▶ Exercise prompt
For the entries below, return every line from the top through the line with "Figure 2. Think-Feel-Do model" exactly as it stands, omitting pictures.

Start of Block

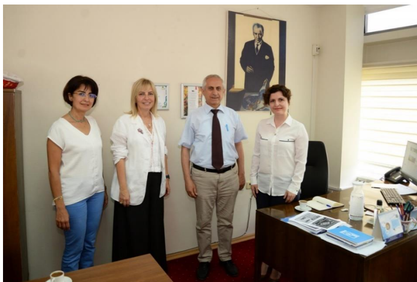
Examples of Events Related to Sustainability: Tobacco Free Campus (Bursa Uludag University, Turkey)
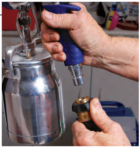
Out of the way. The hose on the Fuji Spray Mini-Mite 3 attaches out of the way at the end of the handle, and has an easy-to-grip coupling that makes it a snap to attach.
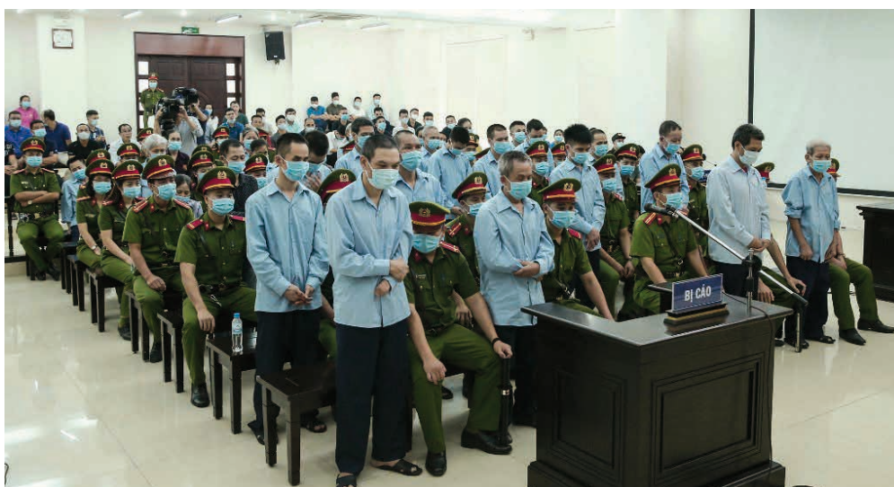
This picture taken and released by the Vietnam News Agency on 14 September 2020 shows Dong Tam villagers involved in a land dispute attending their court trial in Hanoi.

Lawyers have not only been denied access to their clients during the investigation period, but have also frequently not been provided with case files until a few days before the trial. During hearings, courts have often refused to hear testimony from witnesses requested by defense lawyers, as was the case in the trial of the Dong Tam villagers in September 2020, 163 which resulted in two death sentences and extremely long prison sentences [See above, Chapter 4.3.4. ].
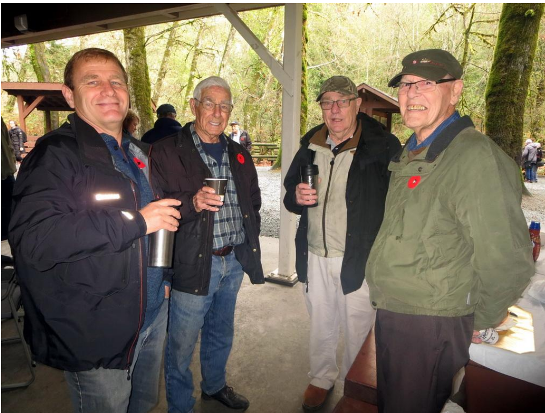
Staying warm with a cup of coffee while waiting for the soup to heat.
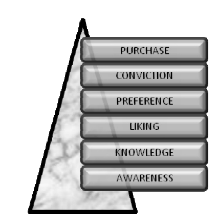
Figure 2. Think-Feel-Do model

Like many other hierarchical models that preceded the THINK-FEEL-DO model, such as the A-I-D-A (Attention, Interest, Desire, Action) and their variations in A-I-D-C-A (Attention, Interest, Desire, Conviction, Action) and P-A-P-A (Promise, Amplification, Proof, and Action), the THINK-FEEL-DO can barely resist the dynamics of change ,or at least, modifications. Wells and Moriaty (2006) noted that sometimes one might just not buy something because one is hungry, or that the product catches one's eyes at the checkout counter. This, in a way demonstrates that, for some known reasons, alternative models or pattern exist to explain consumers purchase decisions other than the Think-Feel- Do model. The suggested and logical paths to explaining such modified patterns of advertising functional processes are illustrated below.
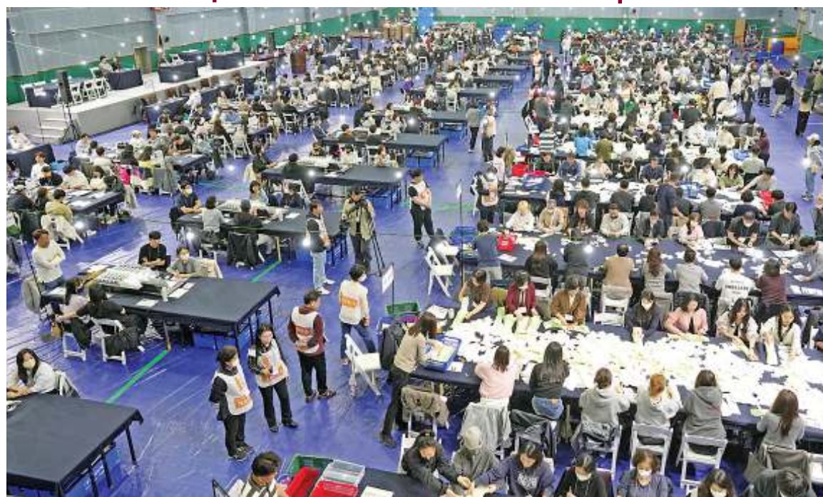
National Election Commission officials sort out ballots for counting at the parliamentary election in Seoul, South Korea, Wednesday, April 10.
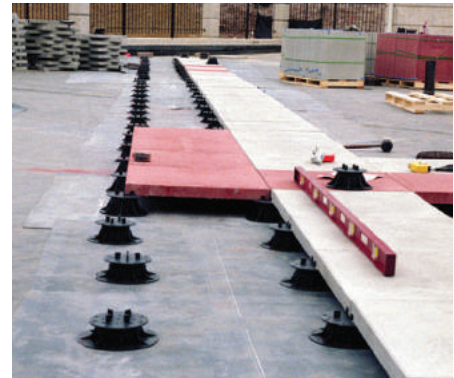
BISON ADJUSTABLE DECK SUPPORTS MODEL B2
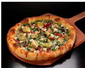
Thirsty Lion Gastropub & Grill

If you're in search of something strong to calm those game-day jitters, head to Camelback Inn's R Bar for over-the-top cocktails. Both the Super Bowl Shandy, made with prickly pear lemonade and Corona, and the Hail Mary Michelada, a spicy blend of tomato juice, Dos XX Lager, lime juice, Worcestershire and hot sauces and Maggi seasoning, finished with a chili salted rim, ought to do the trick. Don't forget about R Bar's Happy Hour bites—the Super Bowl Shandy pairs well with the chicken quesadilla, while the Hail Mary Michelada is the perfect accompaniment to a bowl of fresh tableside guac. http://www.marriott.com/hotel-restaurants
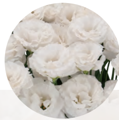
F17-975 Earliness : 2 Flower Size : Medium Rosetting : Less sensitive
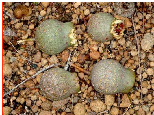
Marri nuts chewed by Baudin's Cockatoo
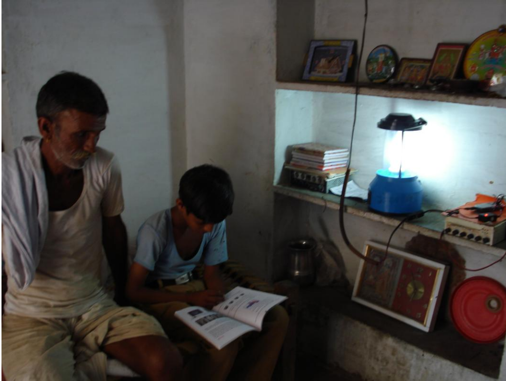
Photo 5.3: Gopalji's son studying with Solar lantern in Doi ki Dhani
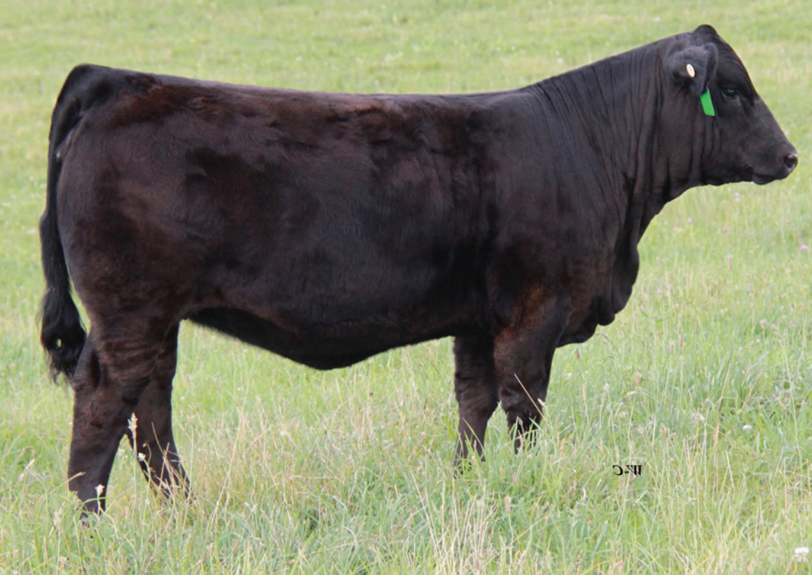
SIRE | MADER THE NATIONAL 43E
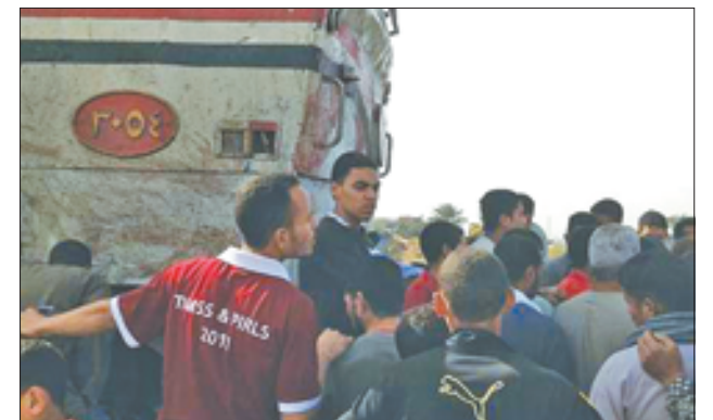
People gather near a train, with bloodstains, after it crashed into a school bus at Manflot in the southern city of Assiut, 500 km (310 miles) south of Cairo, 17 Nov, 2012.

ways have a poor safety record and Egyptians have long complained that successive governments have failed to enforce even ba-
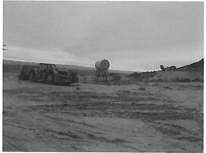
Figure 2: Operations area on mine bench.
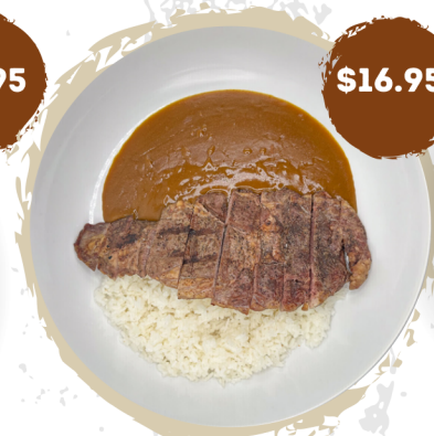
JAPANESE CHEESE PORK KATSU CURRY
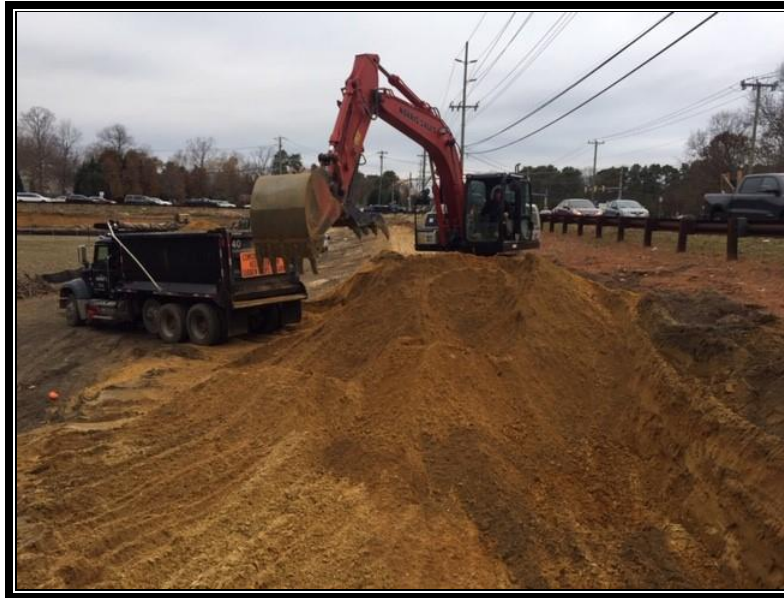
Figure 2: Crew started unclassified excavation along the east slope of the basin.
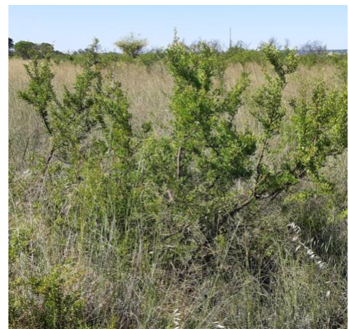
Fig. 1. African lovegrass impacting a population of the endangered Grevillea curviloba

We set up a repeated measures 'before-after-control-impact' experiment near Bullsbrook with replicate sets of 10 × 10m plots of three treatments; a no herbicide control, and a lower (1.5mL L -1 ) and higher (3.0mL L -1 – label rate) flupropanate application rate. We measured cover and health (alive/dead) of plant species before and after an initial and then a follow-up application of liquid flupropanate to African lovegrass foliage. Co-occurring plant species were aggregated into functional groups based on life form and status as native or weedy (native woody shrubs, native perennial groundcovers, invasive perennial groundcovers and invasive annuals) for statistical analysis. Three potentially 'sacrificial' individuals of G. curviloba growing on a recurrently slashed road verge were deliberately sprayed with 3.0mL L -1 flupropanate and monitored periodically for 24 months.
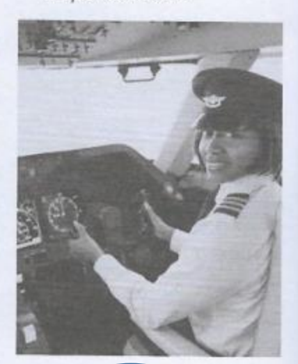
8 She's a pilot | nurse.
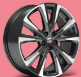
PERFORMANCE 18" NUCLEAR GREY ALLOY WHEELS St XP

End of Block

▶ Completed exercise
Examples of Events Related to Sustainability: Tobacco Free Campus (Bursa Uludag University, Turkey)
Out of the way. The hose on the Fuji Spray Mini-Mite 3 attaches out of the way at the end of the handle, and has an easy-to-grip coupling that makes it a snap to attach.
This picture taken and released by the Vietnam News Agency on 14 September 2020 shows Dong Tam villagers involved in a land dispute attending their court trial in Hanoi.

Lawyers have not only been denied access to their clients during the investigation period, but have also frequently not been provided with case files until a few days before the trial. During hearings, courts have often refused to hear testimony from witnesses requested by defense lawyers, as was the case in the trial of the Dong Tam villagers in September 2020, 163 which resulted in two death sentences and extremely long prison sentences [See above, Chapter 4.3.4. ].
Staying warm with a cup of coffee while waiting for the soup to heat.
Figure 2. Think-Feel-Do model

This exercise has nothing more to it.